# Aim of the task
Without the images, reproduce every entry exactly.

#####

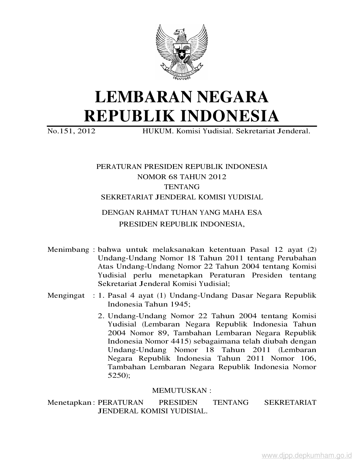 PERPRES Nomor 68 Tahun 2012 | Peraturan Presiden Nomor 68 Tahun 2012 tentang SEKRETARIAT JENDERAL KOMISI YUDISIAL
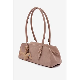 Kabelka z imitace semiše s přívěskem jezevčík béžová Noely
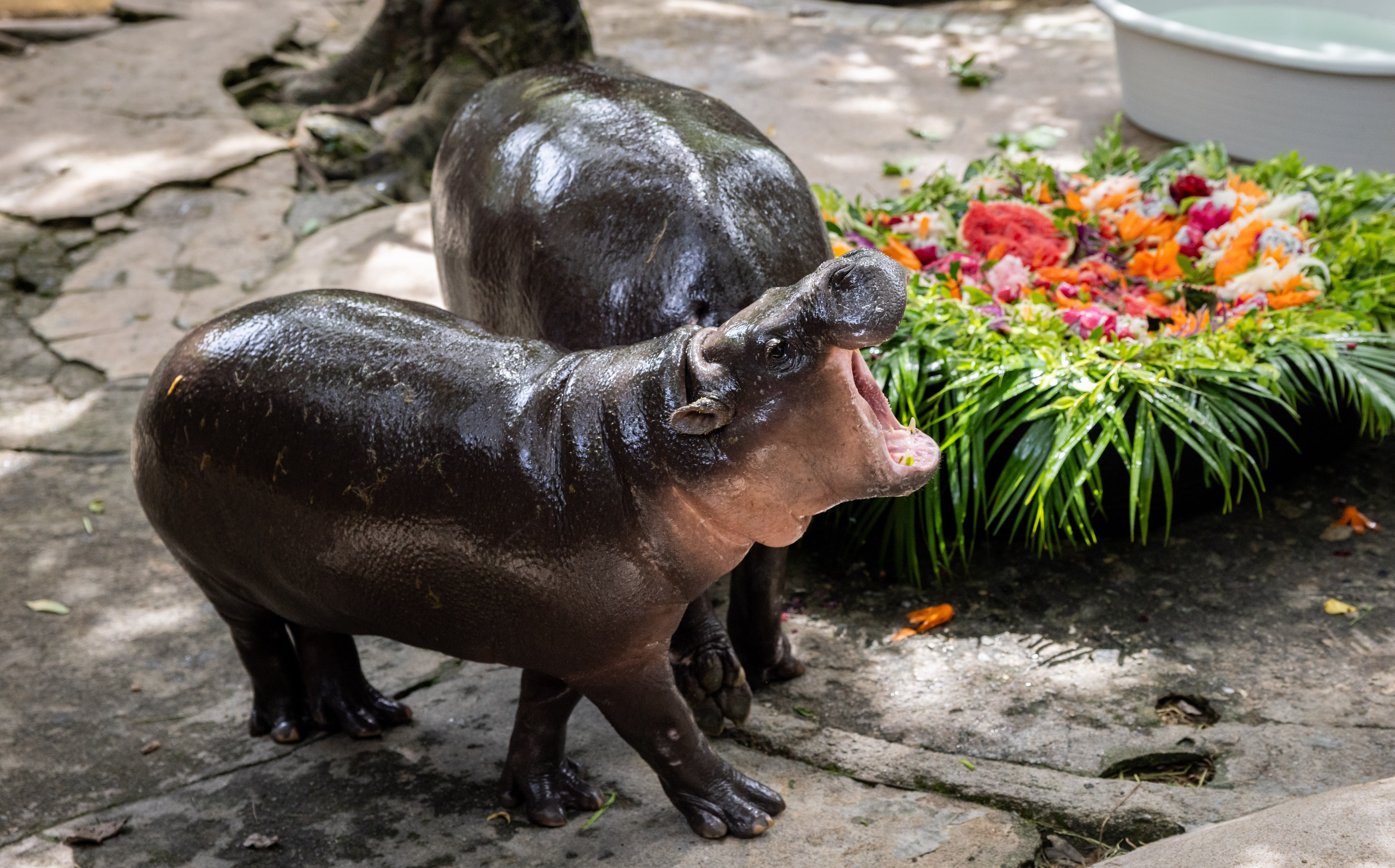 Für die wegen der Corona-Pandemie stark angeschlagene Tourismusbranche war die Geburt des Zwerghippos am 10. Juli 2024 ein Glücksfall. Die Begeisterung für das süße Flusspferdchen lässt seither in Thailand die Kassen klingen - vor allem dank einer exzessiven Vermarktung.
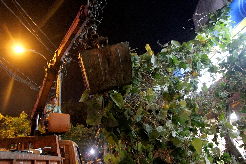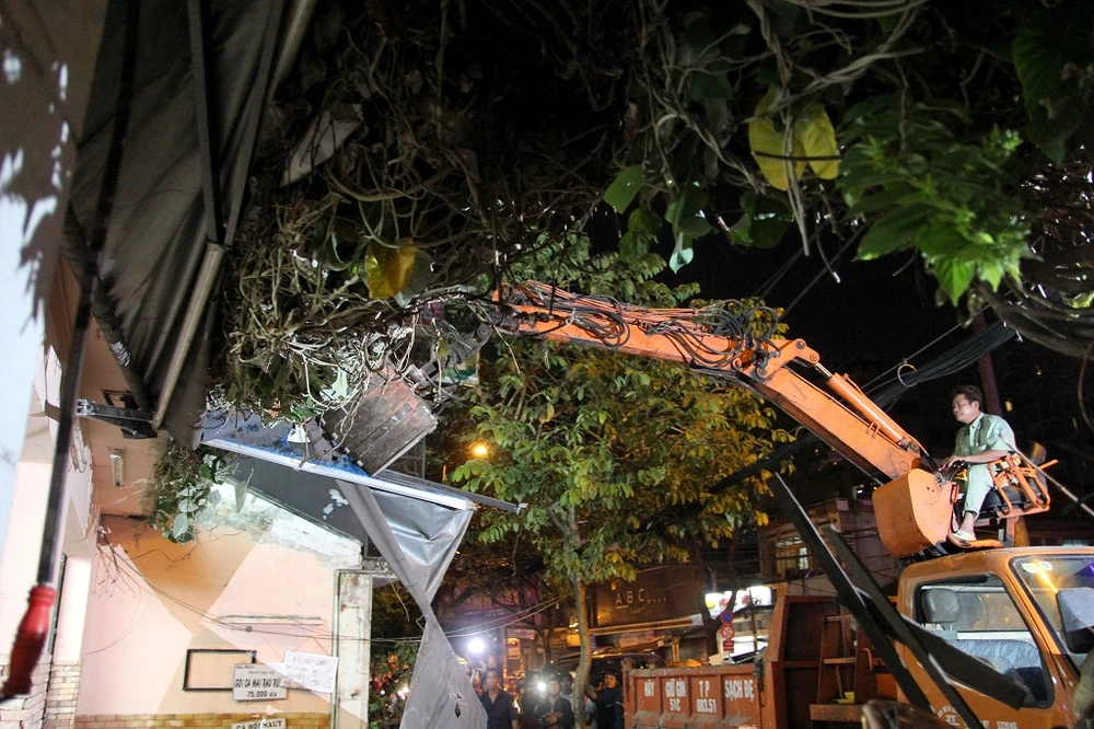 Một quán nhậu trên đường Cách Mạng Tháng Tám lắp mái che và trồng cây xanh với dây leo chằng chịt bị tháo dỡ ngay lập tức.
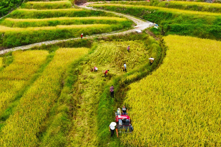 9月7日,農機手操作小型收割機在黔江區馮家街道寨子社區收獲水稻。當天是二十四節氣的白露。白露時節,黔江區的水稻次第成熟,農民們抓住農時,搶收、搶曬,確保顆粒歸倉,實現增收。
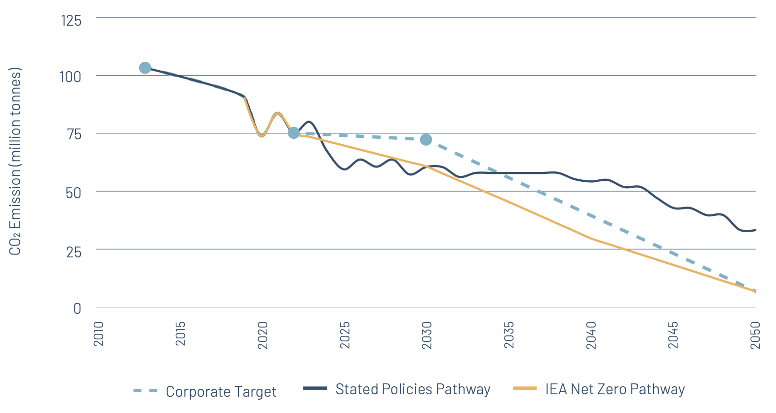 Figure 2. Nippon Steel Absolute Emissions vs IEA Net Zero Pathway
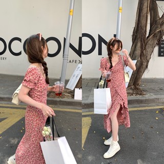 Red Versi Korea dari layar penuh gelombang man peach jantung kerah rok bunga temperamen Korea ramping puff lengan gaun celah sifon musim semi

#####

# Output below
 PERPRES Nomor 68 Tahun 2012 | Peraturan Presiden Nomor 68 Tahun 2012 tentang SEKRETARIAT JENDERAL KOMISI YUDISIAL
 Kabelka z imitace semiše s přívěskem jezevčík béžová Noely
 Für die wegen der Corona-Pandemie stark angeschlagene Tourismusbranche war die Geburt des Zwerghippos am 10. Juli 2024 ein Glücksfall. Die Begeisterung für das süße Flusspferdchen lässt seither in Thailand die Kassen klingen - vor allem dank einer exzessiven Vermarktung.
 Một quán nhậu trên đường Cách Mạng Tháng Tám lắp mái che và trồng cây xanh với dây leo chằng chịt bị tháo dỡ ngay lập tức.
 9月7日,農機手操作小型收割機在黔江區馮家街道寨子社區收獲水稻。當天是二十四節氣的白露。白露時節,黔江區的水稻次第成熟,農民們抓住農時,搶收、搶曬,確保顆粒歸倉,實現增收。
 Figure 2. Nippon Steel Absolute Emissions vs IEA Net Zero Pathway
 Red Versi Korea dari layar penuh gelombang man peach jantung kerah rok bunga temperamen Korea ramping puff lengan gaun celah sifon musim semi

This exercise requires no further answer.